### Exercise directions
Restate the whole listing below word for word and keep the images out.

### Information provided
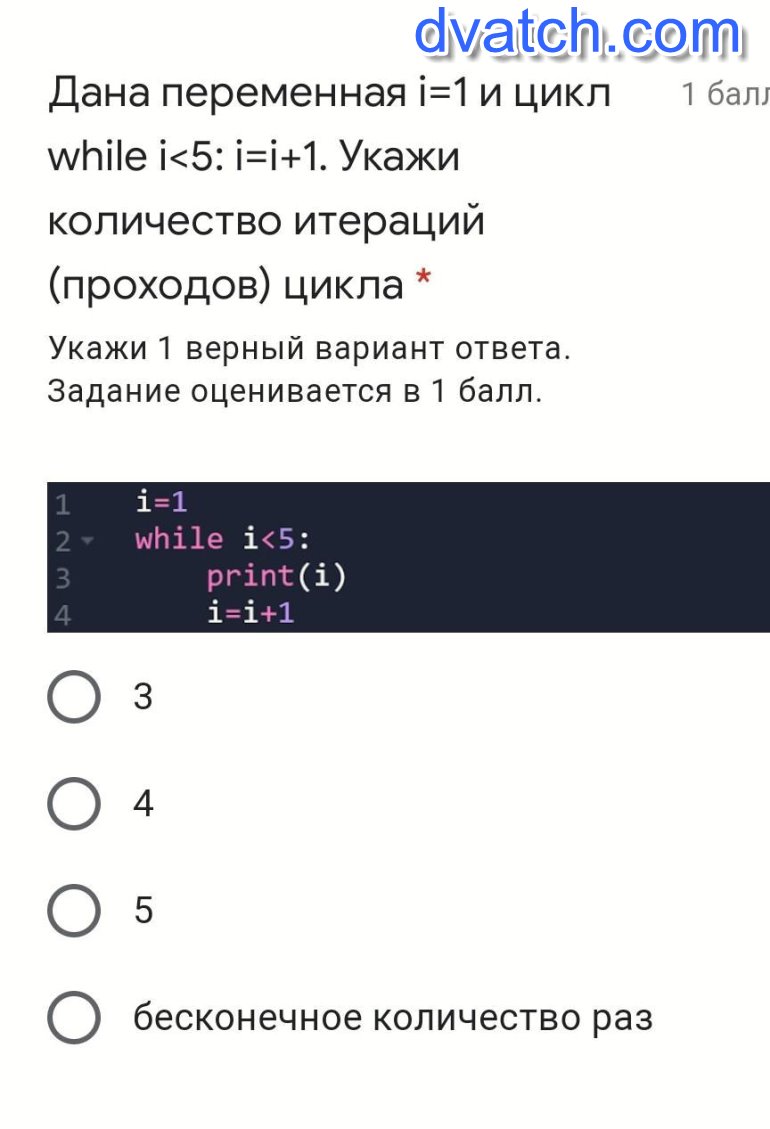 Дана переменная i=1 и цикл while i<5: i=i+1. Укажи количество итераций (проходов) цикла *
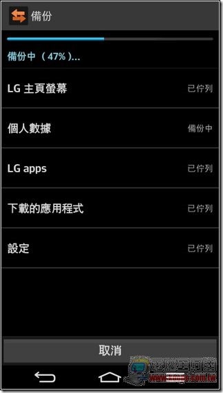 「LG Backup」則是可以幫您備份各項設定與內容,系統升級或更換其他 LG 手機時就可以無痛轉移:
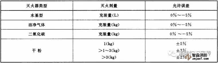 灭火器的总质量不应大于20 kg,其中二氧化碳灭火器的总质量不应大于23 kg,灭火器的灭火剂充装总量误差应符合表1的规定。
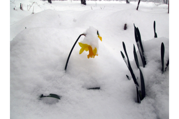 Первый снег и цветы – тема хайку Басё о нарциссе, надломившемся под тяжестью первого снега:
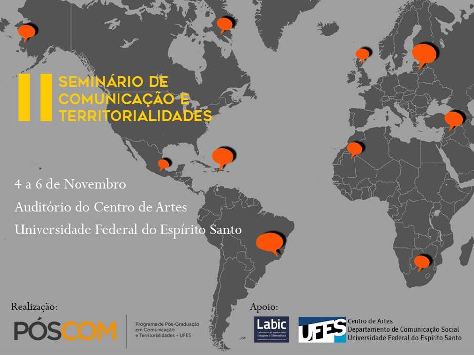 O Programa de Pós-Graduação em Comunicação e Territorialidades (Pós-Com/Ufes) promove a partir desta quarta-feira, dia 4, e até sexta-feira, 6 de novembro, no auditório do Centro de Artes, seu segundo seminário anual. Esta edição contará com as presenças de Rossana Reguill, da Universidade Jesuíta de Guadalajara (México), e Javier Toret, da Universidade Aberta da Catalunha (Espanha).
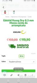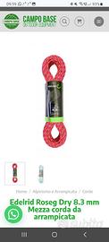 mezze corde nuovissime, acquistate il 04 aprile 2025, mai utilizzate, cadauna corda valore 150 euro, acquistate a 120 euro cadauna, vendo a 150 euro entrambe (acquistate a 240 euro). Marca Edelrid roseg dry 8,3 mm da 60 mt. VENDITA SOLO BREVI MANU (in forma diretta ed immediata). Chi interessato contattare 331.3736950
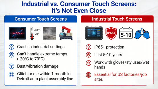 1. Industrial vs. Consumer Touch Screens: It’s Not Even Close
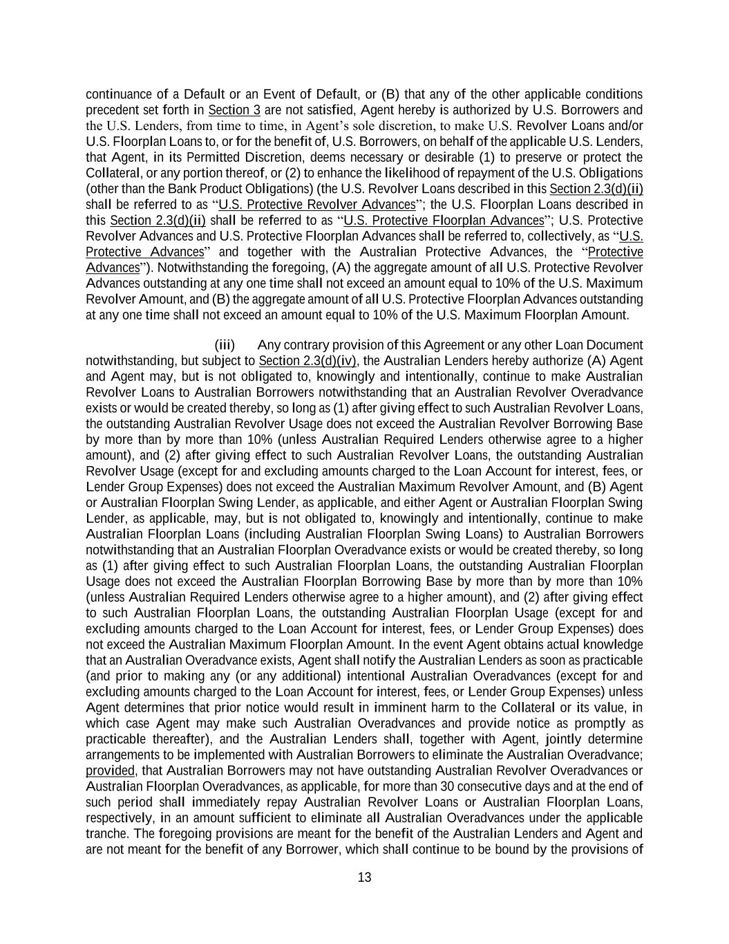 13 continuance of a Default or an Event of Default, or (B) that any of the other applicable conditions precedent set forth in Section 3 are not satisfied, Agent hereby is authorized by U.S. Borrowers and the U.S. Lenders, from time to time, in Agent’s sole discretion, to make U.S. Revolver Loans and/or U.S. Floorplan Loans to, or for the benefit of, U.S. Borrowers, on behalf of the applicable U.S. Lenders, that Agent, in its Permitted Discretion, deems necessary or desirable (1) to preserve or protect the Collateral, or any portion thereof, or (2) to enhance the likelihood of repayment of the U.S. Obligations (other than the Bank Product Obligations) (the U.S. Revolver Loans described in this Section 2.3(d)(ii) shall be referred to as “U.S. Protective Revolver Advances”; the U.S. Floorplan Loans described in this Section 2.3(d)(ii) shall be referred to as “U.S. Protective Floorplan Advances”; U.S. Protective Revolver Advances and U.S. Protective Floorplan Advances shall be referred to, collectively, as “U.S. Protective Advances” and together with the Australian Protective Advances, the “Protective Advances”). Notwithstanding the foregoing, (A) the aggregate amount of all U.S. Protective Revolver Advances outstanding at any one time shall not exceed an amount equal to 10% of the U.S. Maximum Revolver Amount, and (B) the aggregate amount of all U.S. Protective Floorplan Advances outstanding at any one time shall not exceed an amount equal to 10% of the U.S. Maximum Floorplan Amount. (iii) Any contrary provision of this Agreement or any other Loan Document notwithstanding, but subject to Section 2.3(d)(iv), the Australian Lenders hereby authorize (A) Agent and Agent may, but is not obligated to, knowingly and intentionally, continue to make Australian Revolver Loans to Australian Borrowers notwithstanding that an Australian Revolver Overadvance exists or would be created thereby, so long as (1) after giving effect to such Australian Revolver Loans, the outstanding Australian Revolver Usage does not exceed the Australian Revolver Borrowing Base by more than by more than 10% (unless Australian Required Lenders otherwise agree to a higher amount), and (2) after giving effect to such Australian Revolver Loans, the outstanding Australian Revolver Usage (except for and excluding amounts charged to the Loan Account for interest, fees, or Lender Group Expenses) does not exceed the Australian Maximum Revolver Amount, and (B) Agent or Australian Floorplan Swing Lender, as applicable, and either Agent or Australian Floorplan Swing Lender, as applicable, may, but is not obligated to, knowingly and intentionally, continue to make Australian Floorplan Loans (including Australian Floorplan Swing Loans) to Australian Borrowers notwithstanding that an Australian Floorplan Overadvance exists or would be created thereby, so long as (1) after giving effect to such Australian Floorplan Loans, the outstanding Australian Floorplan Usage does not exceed the Australian Floorplan Borrowing Base by more than by more than 10% (unless Australian Required Lenders otherwise agree to a higher amount), and (2) after giving effect to such Australian Floorplan Loans, the outstanding Australian Floorplan Usage (except for and excluding amounts charged to the Loan Account for interest, fees, or Lender Group Expenses) does not exceed the Australian Maximum Floorplan Amount. In the event Agent obtains actual knowledge that an Australian Overadvance exists, Agent shall notify the Australian Lenders as soon as practicable (and prior to making any (or any additional) intentional Australian Overadvances (except for and excluding amounts charged to the Loan Account for interest, fees, or Lender Group Expenses) unless Agent determines that prior notice would result in imminent harm to the Collateral or its value, in which case Agent may make such Australian Overadvances and provide notice as promptly as practicable thereafter), and the Australian Lenders shall, together with Agent, jointly determine arrangements to be implemented with Australian Borrowers to eliminate the Australian Overadvance; provided, that Australian Borrowers may not have outstanding Australian Revolver Overadvances or Australian Floorplan Overadvances, as applicable, for more than 30 consecutive days and at the end of such period shall immediately repay Australian Revolver Loans or Australian Floorplan Loans, respectively, in an amount sufficient to eliminate all Australian Overadvances under the applicable tranche. The foregoing provisions are meant for the benefit of the Australian Lenders and Agent and are not meant for the benefit of any Borrower, which shall continue to be bound by the provisions of
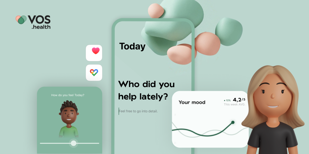 VOS.health je aplikace s globální ambicí založená na pravidelné sebereflexi uživatele, díky které pomáhá s prevencí duševních problémů. Sebereflexe prokazatelně snižuje pravděpodobnost vzniku deprese a úzkostí. Aplikace, za jejímž vývojem stojí české studio Qusion, dokáže zaznamenávat náladu a vizualizovat ji tak, aby bylo pro člověka co nejsnazší rychle porozumět těmto informacím. Spojuje a interpretuje data z dalších aplikací jako Apple Health či Google Fit a agreguje jiná data, která ovlivňují zdraví – například počasí. Umí také zasílat autonomní adresné intervence a v nejbližší době i personalizovaná doporučení pro zlepšení duševní pohody.
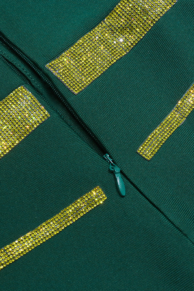 Our bandage jumpsuit_will leave you positively spellbound!This jumpsuit begins with_halterneck that flows into a bodycon silhouette.Gold bands giving you a mesmerizing detailing that sparkles effortlessly.Complete this look with gold_earrings and heels!
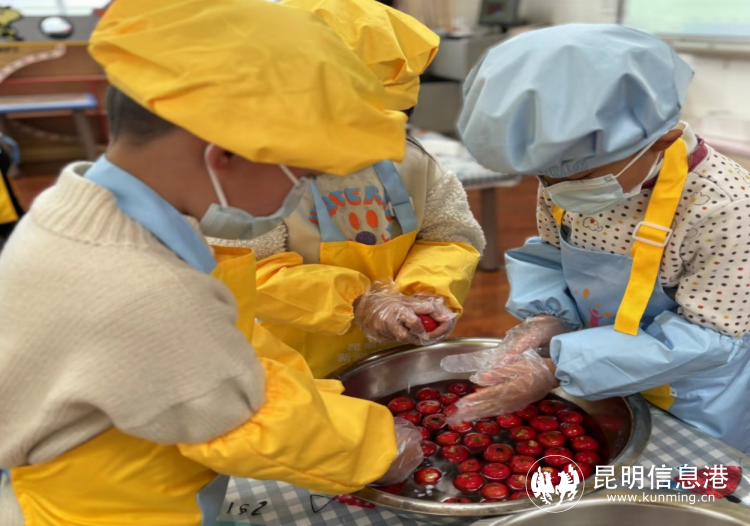 在这个时节,也有一些传统的美食,既美味又养胃,是人们在寒冷的冬天里温暖的陪伴。孩子们在老师的帮助下,自己动手制作红薯粥和山楂糖雪球。他们有的将红薯切成小粒送到厨房,制作成香气四溢的红薯粥;有的将山楂洗干净,沥水后晾干,然后按照步骤将山楂做成粘满糖霜的山楂球。美食全部制成后,孩子们争先恐后地邀请老师品尝他们的劳动果实,分享这份甜蜜的喜悦。
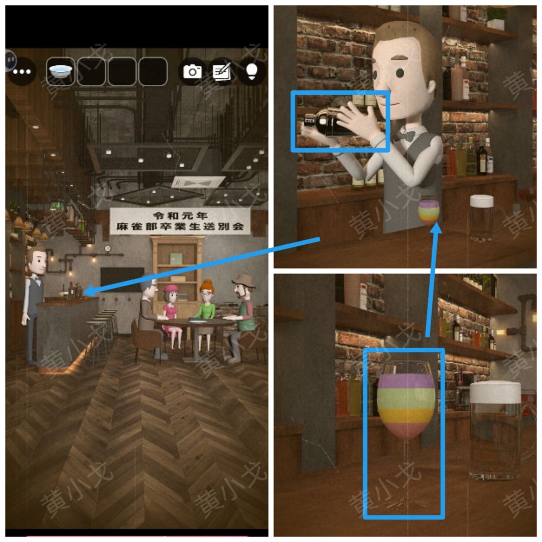 1.点击吧台,查看高脚杯里的酒,获得线索
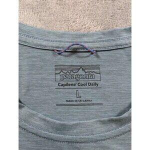 Patagonia Capilene Cool Daily mens size Large blue long sleeve shirt featuring lightweight moisture-wicking performance fabric and classic crew neck pullover design. Built for comfort and versatility, this technical shirt is ideal for hiking, outdoor adventures, travel, workouts, or everyday athleisure wear. The breathable quick-dry material provides all-day comfort while the clean minimalist style pairs easily with shorts or pants for active or casual use.
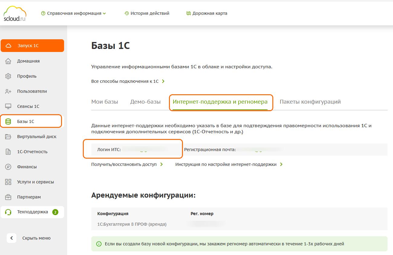 Для того, чтобы войти на портал ИТС воспользуйтесь вашими данными Интернет-поддержки. Пользователи облака Сервис Клауд могут проверить свою Интернет-поддержку в Личном кабинете на нашем сайте в разделе Базы 1С – Интернет-поддержка и регномера
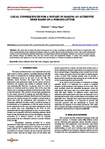 Christine, Christine and Djaja, Benny LEGAL CONSEQUENCES FOR A NOTARY IN MAKING AN AUTHENTIC DEED BASED ON A FORGED LETTER. JHSS (Journal of Humanities and Social Studies), 8 (1).

### Reply to the exercise
 Дана переменная i=1 и цикл while i<5: i=i+1. Укажи количество итераций (проходов) цикла *
 「LG Backup」則是可以幫您備份各項設定與內容,系統升級或更換其他 LG 手機時就可以無痛轉移:
 灭火器的总质量不应大于20 kg,其中二氧化碳灭火器的总质量不应大于23 kg,灭火器的灭火剂充装总量误差应符合表1的规定。
 Первый снег и цветы – тема хайку Басё о нарциссе, надломившемся под тяжестью первого снега:
 O Programa de Pós-Graduação em Comunicação e Territorialidades (Pós-Com/Ufes) promove a partir desta quarta-feira, dia 4, e até sexta-feira, 6 de novembro, no auditório do Centro de Artes, seu segundo seminário anual. Esta edição contará com as presenças de Rossana Reguill, da Universidade Jesuíta de Guadalajara (México), e Javier Toret, da Universidade Aberta da Catalunha (Espanha).
 mezze corde nuovissime, acquistate il 04 aprile 2025, mai utilizzate, cadauna corda valore 150 euro, acquistate a 120 euro cadauna, vendo a 150 euro entrambe (acquistate a 240 euro). Marca Edelrid roseg dry 8,3 mm da 60 mt. VENDITA SOLO BREVI MANU (in forma diretta ed immediata). Chi interessato contattare 331.3736950
 1. Industrial vs. Consumer Touch Screens: It’s Not Even Close
 13 continuance of a Default or an Event of Default, or (B) that any of the other applicable conditions precedent set forth in Section 3 are not satisfied, Agent hereby is authorized by U.S. Borrowers and the U.S. Lenders, from time to time, in Agent’s sole discretion, to make U.S. Revolver Loans and/or U.S. Floorplan Loans to, or for the benefit of, U.S. Borrowers, on behalf of the applicable U.S. Lenders, that Agent, in its Permitted Discretion, deems necessary or desirable (1) to preserve or protect the Collateral, or any portion thereof, or (2) to enhance the likelihood of repayment of the U.S. Obligations (other than the Bank Product Obligations) (the U.S. Revolver Loans described in this Section 2.3(d)(ii) shall be referred to as “U.S. Protective Revolver Advances”; the U.S. Floorplan Loans described in this Section 2.3(d)(ii) shall be referred to as “U.S. Protective Floorplan Advances”; U.S. Protective Revolver Advances and U.S. Protective Floorplan Advances shall be referred to, collectively, as “U.S. Protective Advances” and together with the Australian Protective Advances, the “Protective Advances”). Notwithstanding the foregoing, (A) the aggregate amount of all U.S. Protective Revolver Advances outstanding at any one time shall not exceed an amount equal to 10% of the U.S. Maximum Revolver Amount, and (B) the aggregate amount of all U.S. Protective Floorplan Advances outstanding at any one time shall not exceed an amount equal to 10% of the U.S. Maximum Floorplan Amount. (iii) Any contrary provision of this Agreement or any other Loan Document notwithstanding, but subject to Section 2.3(d)(iv), the Australian Lenders hereby authorize (A) Agent and Agent may, but is not obligated to, knowingly and intentionally, continue to make Australian Revolver Loans to Australian Borrowers notwithstanding that an Australian Revolver Overadvance exists or would be created thereby, so long as (1) after giving effect to such Australian Revolver Loans, the outstanding Australian Revolver Usage does not exceed the Australian Revolver Borrowing Base by more than by more than 10% (unless Australian Required Lenders otherwise agree to a higher amount), and (2) after giving effect to such Australian Revolver Loans, the outstanding Australian Revolver Usage (except for and excluding amounts charged to the Loan Account for interest, fees, or Lender Group Expenses) does not exceed the Australian Maximum Revolver Amount, and (B) Agent or Australian Floorplan Swing Lender, as applicable, and either Agent or Australian Floorplan Swing Lender, as applicable, may, but is not obligated to, knowingly and intentionally, continue to make Australian Floorplan Loans (including Australian Floorplan Swing Loans) to Australian Borrowers notwithstanding that an Australian Floorplan Overadvance exists or would be created thereby, so long as (1) after giving effect to such Australian Floorplan Loans, the outstanding Australian Floorplan Usage does not exceed the Australian Floorplan Borrowing Base by more than by more than 10% (unless Australian Required Lenders otherwise agree to a higher amount), and (2) after giving effect to such Australian Floorplan Loans, the outstanding Australian Floorplan Usage (except for and excluding amounts charged to the Loan Account for interest, fees, or Lender Group Expenses) does not exceed the Australian Maximum Floorplan Amount. In the event Agent obtains actual knowledge that an Australian Overadvance exists, Agent shall notify the Australian Lenders as soon as practicable (and prior to making any (or any additional) intentional Australian Overadvances (except for and excluding amounts charged to the Loan Account for interest, fees, or Lender Group Expenses) unless Agent determines that prior notice would result in imminent harm to the Collateral or its value, in which case Agent may make such Australian Overadvances and provide notice as promptly as practicable thereafter), and the Australian Lenders shall, together with Agent, jointly determine arrangements to be implemented with Australian Borrowers to eliminate the Australian Overadvance; provided, that Australian Borrowers may not have outstanding Australian Revolver Overadvances or Australian Floorplan Overadvances, as applicable, for more than 30 consecutive days and at the end of such period shall immediately repay Australian Revolver Loans or Australian Floorplan Loans, respectively, in an amount sufficient to eliminate all Australian Overadvances under the applicable tranche. The foregoing provisions are meant for the benefit of the Australian Lenders and Agent and are not meant for the benefit of any Borrower, which shall continue to be bound by the provisions of
 VOS.health je aplikace s globální ambicí založená na pravidelné sebereflexi uživatele, díky které pomáhá s prevencí duševních problémů. Sebereflexe prokazatelně snižuje pravděpodobnost vzniku deprese a úzkostí. Aplikace, za jejímž vývojem stojí české studio Qusion, dokáže zaznamenávat náladu a vizualizovat ji tak, aby bylo pro člověka co nejsnazší rychle porozumět těmto informacím. Spojuje a interpretuje data z dalších aplikací jako Apple Health či Google Fit a agreguje jiná data, která ovlivňují zdraví – například počasí. Umí také zasílat autonomní adresné intervence a v nejbližší době i personalizovaná doporučení pro zlepšení duševní pohody.
 Our bandage jumpsuit_will leave you positively spellbound!This jumpsuit begins with_halterneck that flows into a bodycon silhouette.Gold bands giving you a mesmerizing detailing that sparkles effortlessly.Complete this look with gold_earrings and heels!
 在这个时节,也有一些传统的美食,既美味又养胃,是人们在寒冷的冬天里温暖的陪伴。孩子们在老师的帮助下,自己动手制作红薯粥和山楂糖雪球。他们有的将红薯切成小粒送到厨房,制作成香气四溢的红薯粥;有的将山楂洗干净,沥水后晾干,然后按照步骤将山楂做成粘满糖霜的山楂球。美食全部制成后,孩子们争先恐后地邀请老师品尝他们的劳动果实,分享这份甜蜜的喜悦。
 1.点击吧台,查看高脚杯里的酒,获得线索
 Patagonia Capilene Cool Daily mens size Large blue long sleeve shirt featuring lightweight moisture-wicking performance fabric and classic crew neck pullover design. Built for comfort and versatility, this technical shirt is ideal for hiking, outdoor adventures, travel, workouts, or everyday athleisure wear. The breathable quick-dry material provides all-day comfort while the clean minimalist style pairs easily with shorts or pants for active or casual use.
 Для того, чтобы войти на портал ИТС воспользуйтесь вашими данными Интернет-поддержки. Пользователи облака Сервис Клауд могут проверить свою Интернет-поддержку в Личном кабинете на нашем сайте в разделе Базы 1С – Интернет-поддержка и регномера
 Christine, Christine and Djaja, Benny LEGAL CONSEQUENCES FOR A NOTARY IN MAKING AN AUTHENTIC DEED BASED ON A FORGED LETTER. JHSS (Journal of Humanities and Social Studies), 8 (1).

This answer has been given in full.